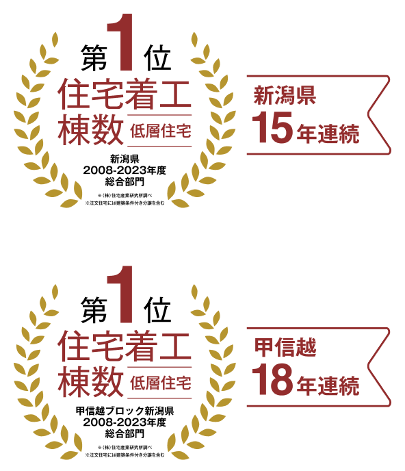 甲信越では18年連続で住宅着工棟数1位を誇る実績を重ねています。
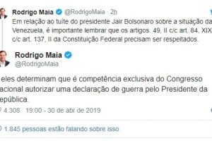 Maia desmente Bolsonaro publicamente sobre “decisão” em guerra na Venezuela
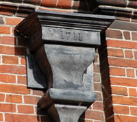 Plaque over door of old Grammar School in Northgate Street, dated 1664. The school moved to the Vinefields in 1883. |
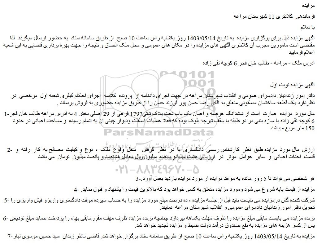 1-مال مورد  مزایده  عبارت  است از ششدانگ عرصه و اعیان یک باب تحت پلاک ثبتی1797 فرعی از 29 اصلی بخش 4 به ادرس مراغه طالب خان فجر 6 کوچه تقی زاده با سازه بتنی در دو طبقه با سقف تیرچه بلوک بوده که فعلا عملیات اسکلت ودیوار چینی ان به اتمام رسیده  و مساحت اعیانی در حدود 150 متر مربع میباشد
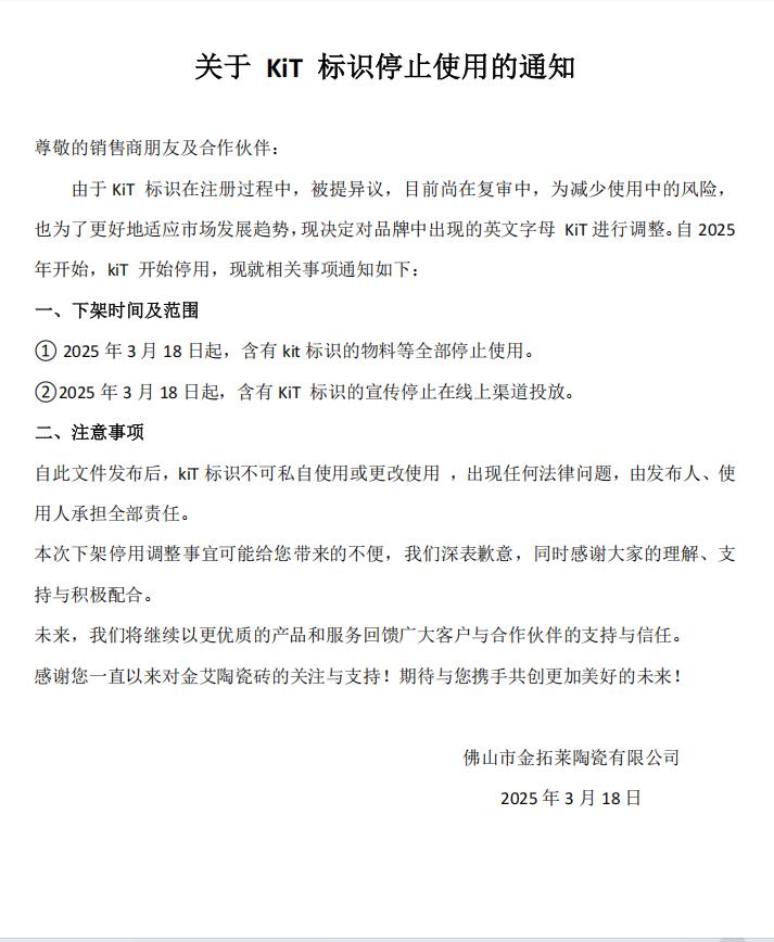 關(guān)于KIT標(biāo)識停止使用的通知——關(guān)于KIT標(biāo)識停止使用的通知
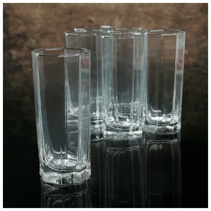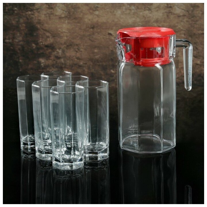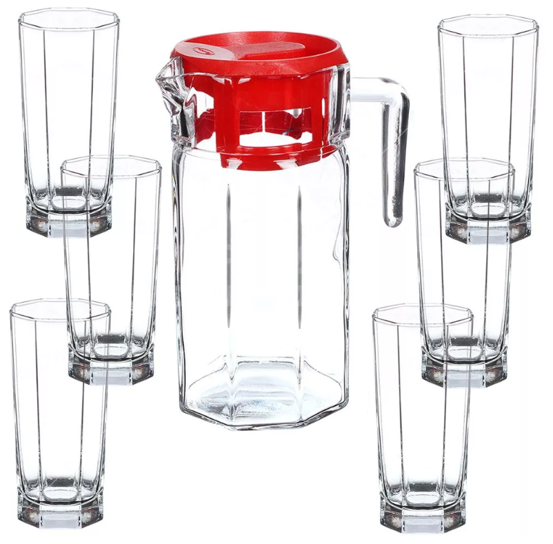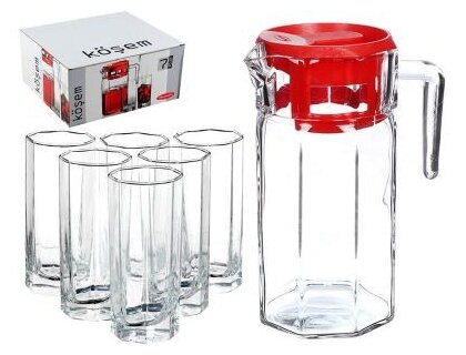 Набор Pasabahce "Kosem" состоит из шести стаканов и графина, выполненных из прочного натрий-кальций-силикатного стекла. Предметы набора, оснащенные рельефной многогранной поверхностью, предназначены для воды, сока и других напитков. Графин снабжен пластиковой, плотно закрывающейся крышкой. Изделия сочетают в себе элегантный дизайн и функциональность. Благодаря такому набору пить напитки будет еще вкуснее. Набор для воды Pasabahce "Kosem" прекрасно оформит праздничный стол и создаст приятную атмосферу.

┄┄┄┄┄┄

_Aim of the task_
The copy you produce must repeat all the entries exactly and contain no pictures.

_Answer to this exercise_
 甲信越では18年連続で住宅着工棟数1位を誇る実績を重ねています。
 Maia desmente Bolsonaro publicamente sobre “decisão” em guerra na Venezuela
 Plaque over door of old Grammar School in Northgate Street, dated 1664. The school moved to the Vinefields in 1883. |
 1-مال مورد  مزایده  عبارت  است از ششدانگ عرصه و اعیان یک باب تحت پلاک ثبتی1797 فرعی از 29 اصلی بخش 4 به ادرس مراغه طالب خان فجر 6 کوچه تقی زاده با سازه بتنی در دو طبقه با سقف تیرچه بلوک بوده که فعلا عملیات اسکلت ودیوار چینی ان به اتمام رسیده  و مساحت اعیانی در حدود 150 متر مربع میباشد
 關(guān)于KIT標(biāo)識停止使用的通知——關(guān)于KIT標(biāo)識停止使用的通知
 Набор Pasabahce "Kosem" состоит из шести стаканов и графина, выполненных из прочного натрий-кальций-силикатного стекла. Предметы набора, оснащенные рельефной многогранной поверхностью, предназначены для воды, сока и других напитков. Графин снабжен пластиковой, плотно закрывающейся крышкой. Изделия сочетают в себе элегантный дизайн и функциональность. Благодаря такому набору пить напитки будет еще вкуснее. Набор для воды Pasabahce "Kosem" прекрасно оформит праздничный стол и создаст приятную атмосферу.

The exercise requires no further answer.